Be curious, not furious
To break out of the cycle, try to be curious before furious. If you feel triggered, try some distress tolerance skills or take a time out so you can get out of fight or flight mode. Once you feel calm, engage in empathic listening.
Avoid assumptions
Try not to speak for your partner or make assumptions about their behavior. Provide space for your loved one to describe their experience. As you listen, you can reflect what you’ve heard by saying things like, “I hear that you are in a lot of pain because of this.”
Validate one another
You don’t have to agree, but you want to respect and validate their experience. Use “I” statements and lead with your feelings. Do your best to give each other the benefit of the doubt.
Encourage treatment
It’s not unusual to question the relationship during times of conflict. Remember that depression is treatable, and there’s a way out of the pain. Try to treat the depression before making any decisions about ending or changing the relationship. If your partner is depressed and you’re having a difficult time, therapy can be helpful.

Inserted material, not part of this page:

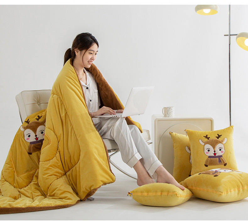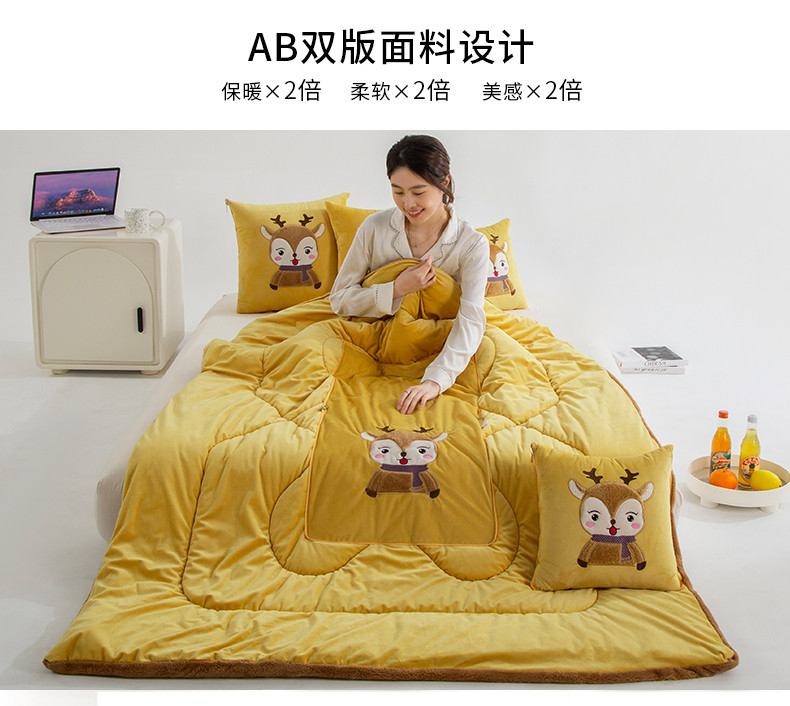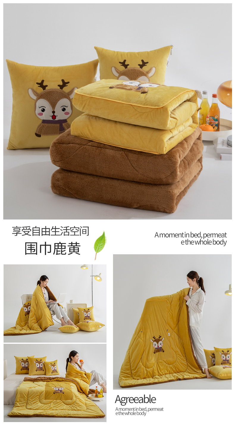 商品名称:雷娜 2023新款加厚泰迪绒可爱幸福鹿抱枕被 围巾鹿黄
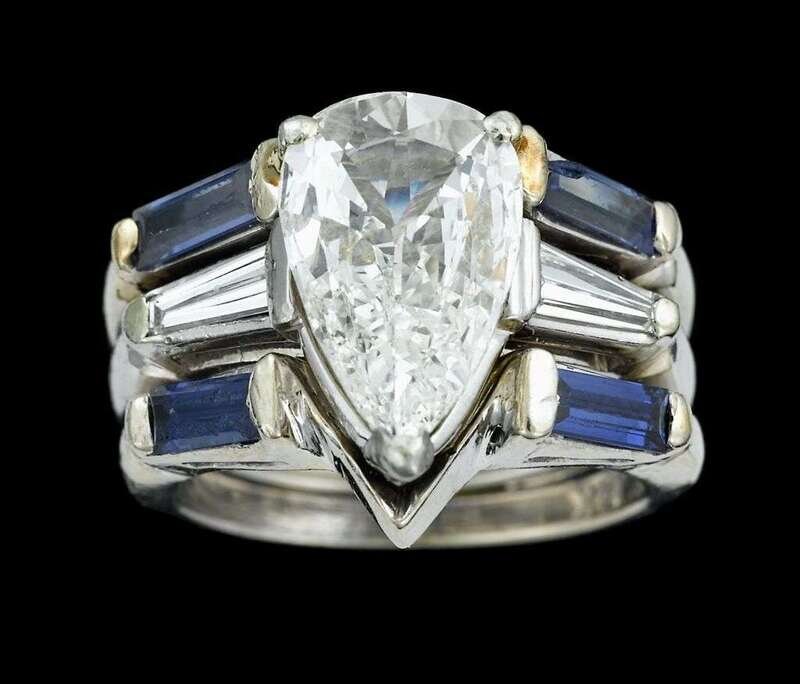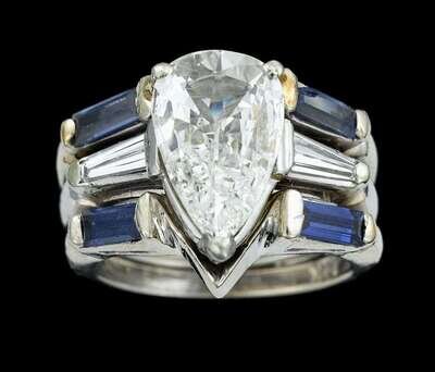 Approximately 2 carat pear shaped diamond prong set and framed by a tapered baguette diamond and a sapphire tapered baguette.

Support but don’t caretake
If you’re the partner of someone who’s depressed, try to be supportive but not a caretaker. Remember, you are an equal part of the relationship, and you’re not responsible for everything. Your thoughts and feelings also matter. It’s common for people in your position to need extra support, too. Reach out for your own help and support when you need it. This is especially important if you’re experiencing grief around the changes in your partnership.
Talk about the hard stuff
Don’t be afraid to talk about suicide. Sometimes people avoid difficult conversations with depressed people because they fear it may lead to self-harm or suicide. This is not true.
Be direct and ask questions. Asking the hard questions and having these discussions can save lives.
If your loved one says they have thoughts of suicide, encourage them to seek professional help immediately. If they are at imminent risk of suicide, meaning they have a plan, means, and intent, call 911.
Getting help
Despite increased awareness and availability, mental illness still carries a stigma and can be challenging to discuss. Depression isn’t always visible to others like a physical illness is, and for this reason, many individuals and couples experience this difficulty in silence. Just as depression in relationships can cause maladaptive patterns, so can a relationship be used as a platform of support.
There is hope. Depression is treatable. Please seek help as soon as possible. The longer the depression persists, the harder it will be to remember what the relationship is like in good times. Learn more about how to help someone with depression.
Individual psychotherapy is an excellent place to start. Cognitive behavioral therapy (CBT) is one very effective modality for treating depression. A trained clinician can help the depressed person modify thoughts and behaviors using skills like cognitive restructuring. Techniques like this one can help move the person with depression towards emotional well-being.
If the depressed person has difficulty getting out of bed, sleeping, eating, or executing daily tasks, a medication evaluation may be necessary. Visit Lemonaid to talk with a medical professional about depression to see if antidepressant meds are right for you.
If the depression has been persistent for a long time and has taken its toll on the relationship, it might be advisable for both of you to seek therapy.
Couples therapy is also an option, depending upon the severity of depression. If an individual is having difficulty managing daily tasks, it may be better to wait until they are in a more stable emotional state.
Takeaway
- In couples, depression affects more than just the person with the diagnosis.
- When treating depression in a relationship, the experience of both partners should be considered.
- There are many ways to get help for relationships and depression, including individual psychotherapy, couples therapy, and medication.